Kim olduğunu bilmiyorduk ancak yırtıcı bir hayvanla burun buruna gelmediğimiz açıkça ortadaydı. Görünüşe bakılırsa boku yemiştik. İnsanların hayvanlardan daha tehlikeli olduğu bir gerçekti. Aslında her türlü zarar içerisindeydik. "Ertuğrul Bolat," diye mırıldandı Efdal. Bakışları sakindi ancak hafiften titremeye başlayan bedeni aynı şeyi göstermiyordu.

"İçeri giriyor muyuz?" Rabia'nın sorusuyla ön kapının açılması arasından yalnızca birkaç saniye geçti. Devasa beyaz kapının arkasından kendini gözler önüne seren adam şaşkınlığa uğradı. Bizden yaşça büyüktü, ellilerinde olabilirdi. Orta boylarda, yapılı biriydi. Gözleri tek tek üzerimizde dolandı ve bir adım geriye gitti. Özellikle Ares'i gördüğü sırada bir duraksama yaşadı. Eli kulağındaki küpeye gitti, oynamaya başladı. Aklını kurcalayan bir mesele var gibiydi. Gözlerini kıstı, Ares'i baştan aşağı süzdü. Hareketi onu ele vermeyecek sanıyordu herhalde. Ancak, gözümden kaçmamıştı çünkü bariz bir şekilde ortadaydı.

Bu sefer Hakan'a döndüğünde içten bir gülümsemeyle "Bende seni bekliyordum," dedi. Sesi derinden geliyordu. En az bizim kadar Hakan'da afallamıştı. Kendisini işaret ederek "Beni mi?" diye sordu. Adam, 'evet' anlamında başını salladı ve "Yanında taşıdığın silah bana ait, evlat," dedi. Hakan'ın, evlat kelimesini duyduktan sonra kasıldığının farkına vardım. Ağzını açıp tek kelime etme zahmetinde bulunmadı.

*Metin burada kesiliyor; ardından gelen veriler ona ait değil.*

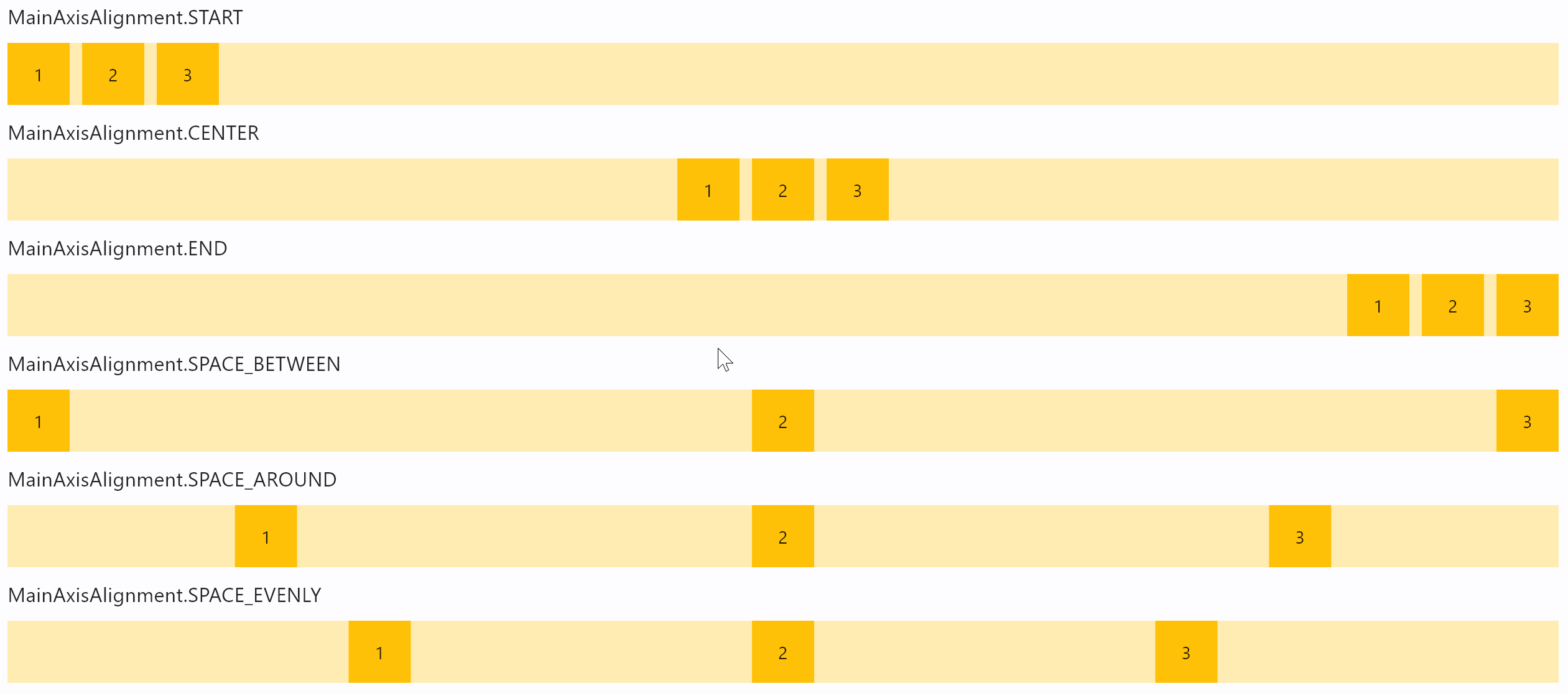 RowWithAlignment(ft.MainAxisAlignment.SPACE_AROUND),
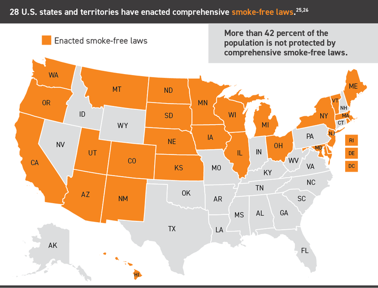 - Although 28 states plus D.C., Puerto Rico, and the Virgin Islands have enacted comprehensive smoke-free laws, disparities exist due to gaps in coverage, particularly in southern states and in places where state laws pre-empt local smoking restrictions.

"Silahı yanına mı aldın Dalkıran?" diye sordu Ares. Ses tonuna bulaşan siniri, kendisini çok belli ediyordu. Ona soyadıyla seslenmişti ve bu nedense bana garip gelmişti. Yakın arkadaşına bu denli soğuk hitap etmesi tuhafıma gitmişti. "Silahını aldığımı nereden biliyorsun?" Refleks olarak eli beline gitti ve şüpheci bakışlarıyla bize yaklaşmakta olan adamı izledi. Adam, bahçe kapısına ulaştığında kapı kulpunu tuttu ve çevirdi. Kapıyı ardına kadar açtı ve içeriye geçmemiz için kenara çekildi. Hiç kimse yerinden kıpırdamadı.

"Çünkü talan edilen marketin sahibi benim ve sizi kameradan izleme fırsatım oldu." Dikkatle bize baktı, birini aradığı anlaşılıyordu. Bakışlarını Afrodit'in üzerine sabitlediğinde tekrardan dudaklarında gülümseme belirdi. "Kolyemi de sen almıştın. Öyle değil mi?" Athena gözlerini kısarak "Bize anlatmak için can attığınız önemli bir mevzu mu var Ertuğrul bey?" diye sordu ismin üzerinde durarak. Devamında ise "Eğer gerçekten evin sahibi siz iseniz," diye ekledi. Afrodit'in üzerine gitmesine müsaade etmeden konuyu başka tarafa çekmeyi denedi. Akıllıca bir davranıştı.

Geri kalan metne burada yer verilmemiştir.